Absolute positioning is sometimes a perfect solution, and sometimes untenable. The parent container here will need to have a set height, and setting heights is often bad news for content (content changes!). Not to mention absolute positioned elements are out of the document flow. So it would be hard to get this to work while, say, pushing down other content below it.

Using (fake) Tables

Yeah, yeah, tables are so old school (not to mention fraught with accessibility issues and layout inflexibility). Well, using the display: table-cell; property can actually be a handy way to create this layout without writing table markup in HTML. In short, we turn our semantic parent container into a table, then the child containers into cells inside the table — all in CSS!

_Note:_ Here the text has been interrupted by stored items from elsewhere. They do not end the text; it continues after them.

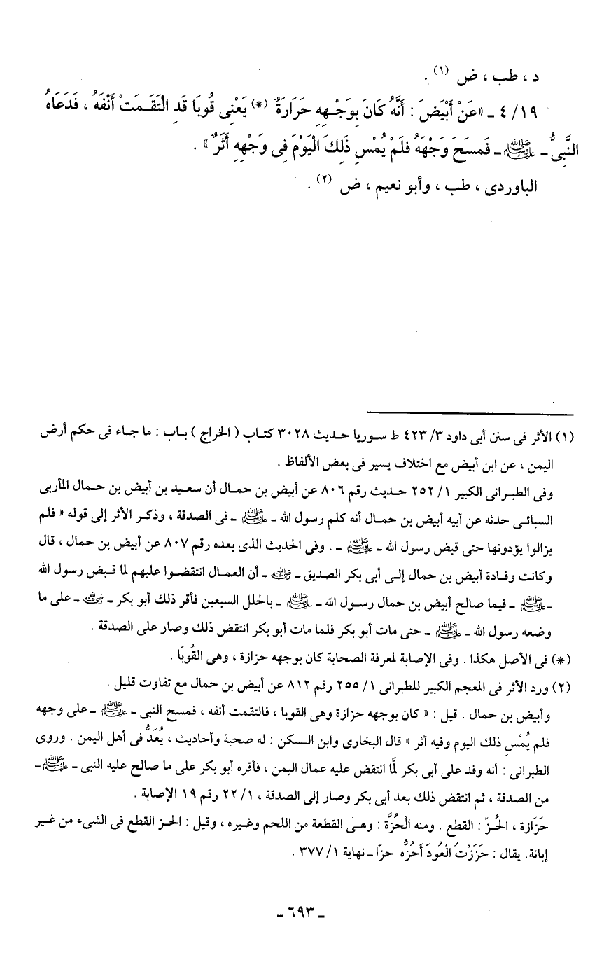 19/ 4 - "عَنْ أَبْيَضَ: أَنَّهُ كَانَ بِوَجْهِهِ حَرَارَةٌ (*) يَعْنِى قُوبَا قَدِ الْتَقَمَتْ أَنْفَهُ، فَدَعَاهُ النَّبِىُّ - صلى الله عليه وسلم - فَمسَحَ وَجْهَهُ فلَمْ يُمْسِ ذَلِكَ الْيَوْمَ فِى وَجْهِهِ أَثَرٌ".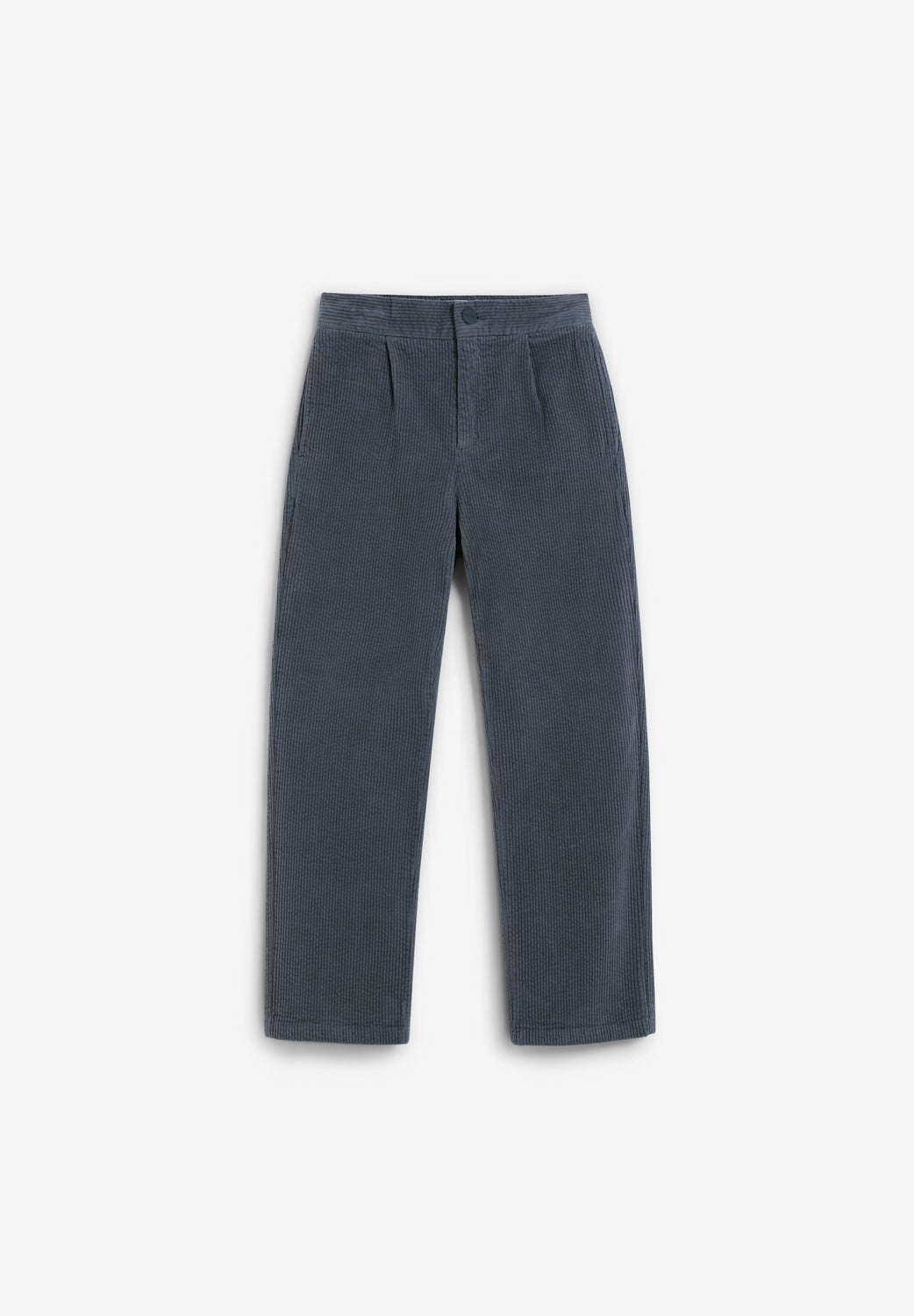 Straight corduroy trousers made of a slightly stretch cotton blend fabric Button closure. Front and back slanted pockets. Back label detail with logo.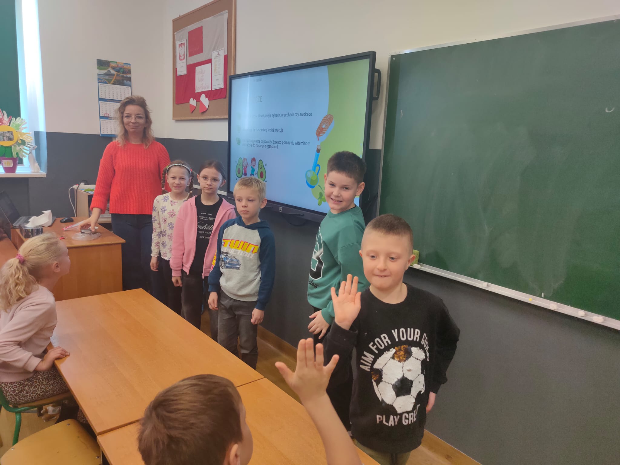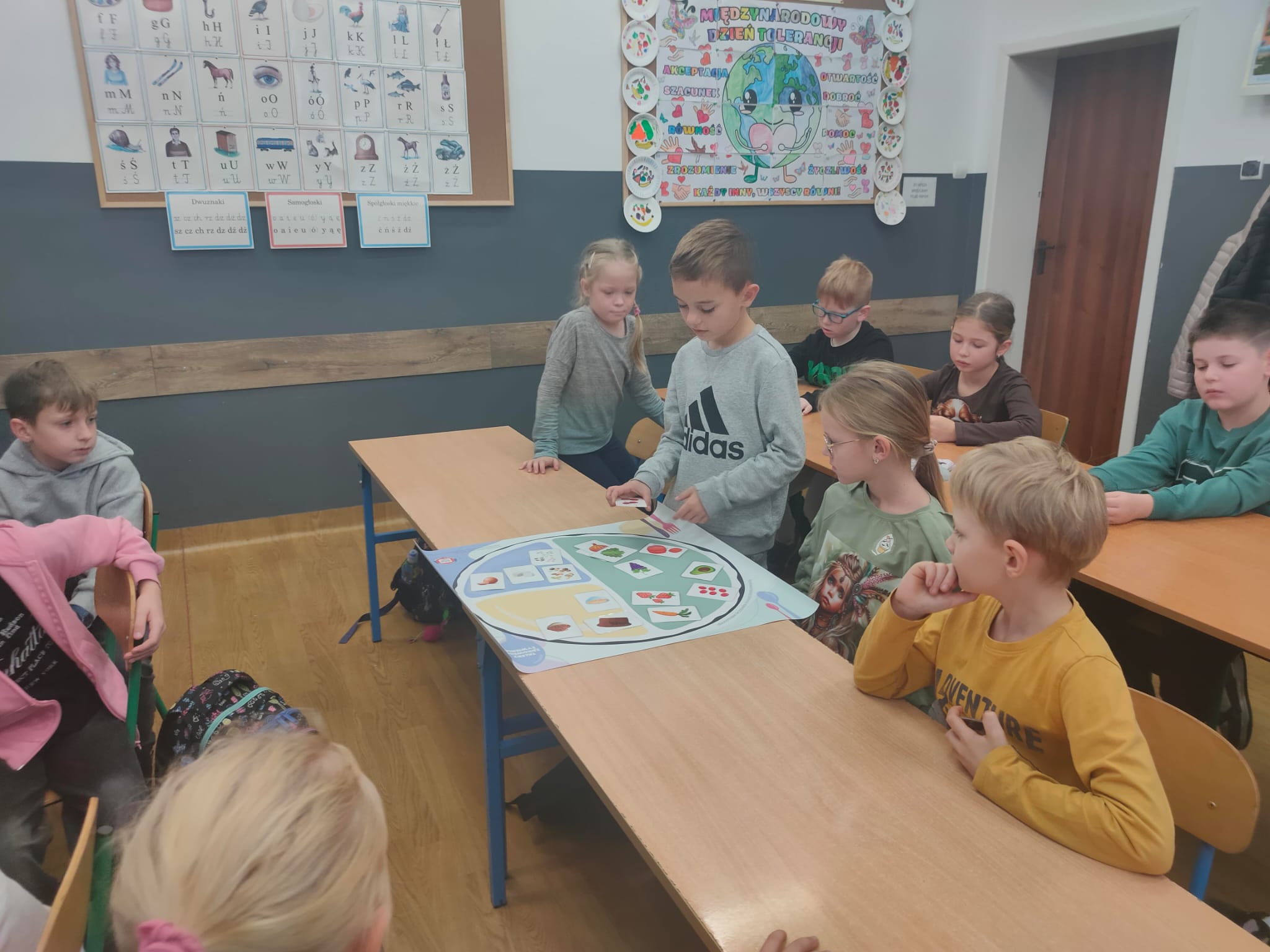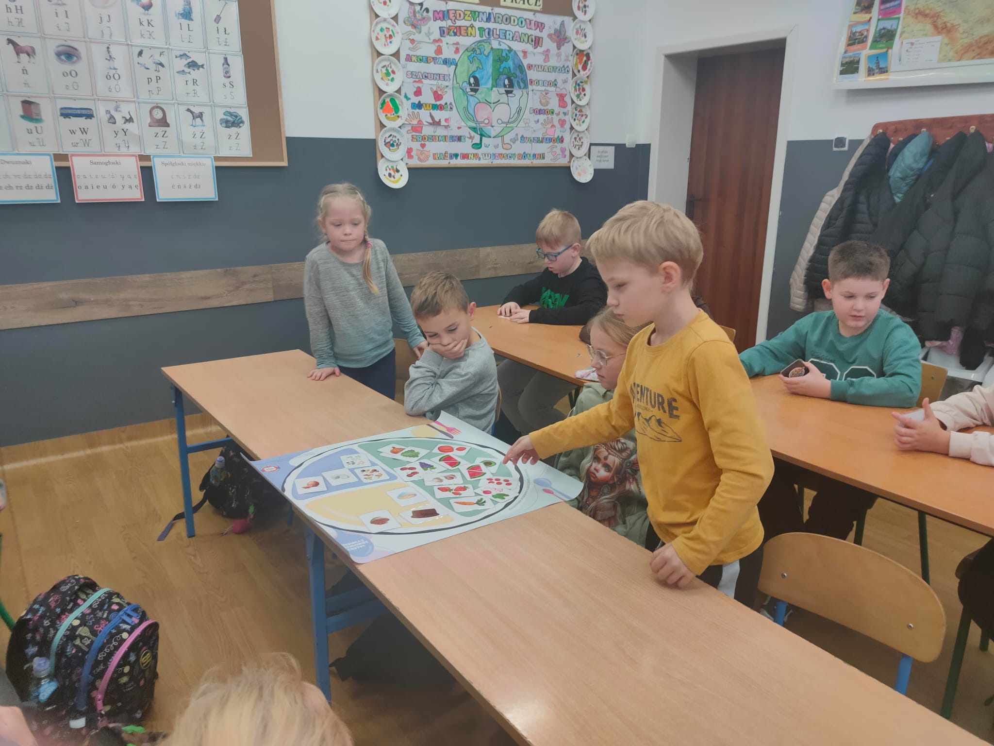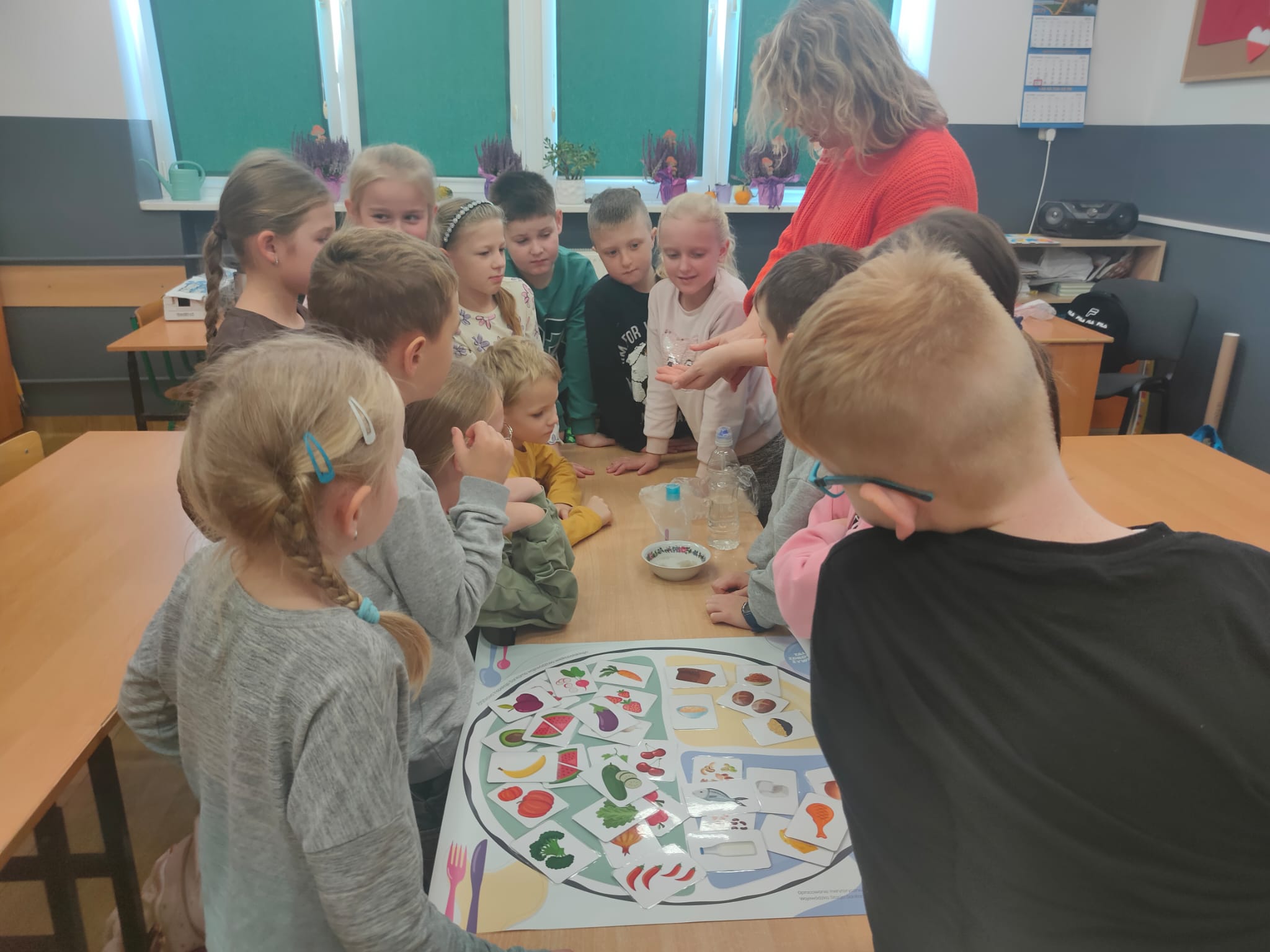 4.11 uczniowie klas 2a ì 2b wzięli udział w warsztatach organizowanych przez Państwową Stację Sanitarno Epidemiologiczną w Lesznie na temat ” TALERZ ZDROWEGO ŻYWIENIA ” . Dzieci dowiedziały się jak prawidłowo komponować posiłki, w jakich proporcjach powinniśmy zjadać pokarmy z różnych grup spożywczych. Przeprowadziliśmy ciekawe doświadczenie i zapoznaliśmy się z instruktażową piosenką odnośnie odpowiedniego sposobu mycia rąk.

See the Pen Left Half / Right Half with Display Table by CSS-Tricks (@css-tricks) on CodePen.

You could even change the display properties at breakpoints pretty easily here, making the sides stack on smaller screens. display: table; (and friends) is supported as far back as IE 8 and even old Android, so it’s pretty safe!

Using Floats

We can use our good friend the float to arrange the containers beside each other. The benefit here is that it avoids absolute positioning (which as we noted, can be messy).

See the Pen Left Half / Right Half with Floats by CSS-Tricks (@css-tricks) on CodePen.

In this example, we’re explicitly setting heights to get them to be even. But you don’t really get that ability with floats by default. You could use the background gradient trick we already covered so they just look even. Or look at fancy negative margin tricks and the like.

Also remember you may need to clear the floats on the parent element to keep the document flow happy.

Using Inline-Block

If clearing elements after floats seems like a burden, then using display: inline-block is another option. The trick here is to make sure that the elements for the individual sides have no breaks or whitespace in between them in the HTML. Otherwise, that space will be rendered as a literal space and the second half will break and fall down.

See the Pen Left Half / Right Half with Inline-Block by CSS-Tricks (@css-tricks) on CodePen.

Again there is nothing about inline-block that helps us equalize the heights of the sides, so you’ll have to be explicit about that.

There are also other potential ways to deal with that spacing problem described above.

Using Flexbox

Flexbox is a pretty fantastic way to do this, just note that it’s limited to IE 10 and up and you may need to get fancy with the prefixes and values to get the best support.

Using this method, we turn our parent container into a flexible box with the child containers taking up an equal share of the space. No need to set widths or heights! Flexbox just knows what to do, because the defaults are set up perfectly for this. For instance, flex-direction: row; and align-items: stretch; is what we’re after, but those are the defaults so we don’t have to set them. To make sure they are even though, setting flex: 1; on the sides is a good plan. That forces them to take up equal shares of the space.

See the Pen Left Half / Right Half with Flexbox by CSS-Tricks (@css-tricks) on CodePen.

In this demo we’re making the side flex containers as well, just for fun, to handle the vertical and horizontal centering.

Using Grid Layout

For those living on the bleeding edge, the CSS Grid Layout technique is like the Flexbox and Table methods merged into one. In other words, a container is defined, then split into columns and cells which can be filled flexibly with child elements.

If the cells in the demo below are stacked, then your browser doesn’t support CSS Grid. At the time of this writing, support is limited to Firefox, Chrome, Safari and Opera (except Opera Mini).

See the Pen Left Half / Right Half with Grid Layout by CSS-Tricks (@css-tricks) on CodePen.

Isn’t it cool how many ways there are to do things in CSS?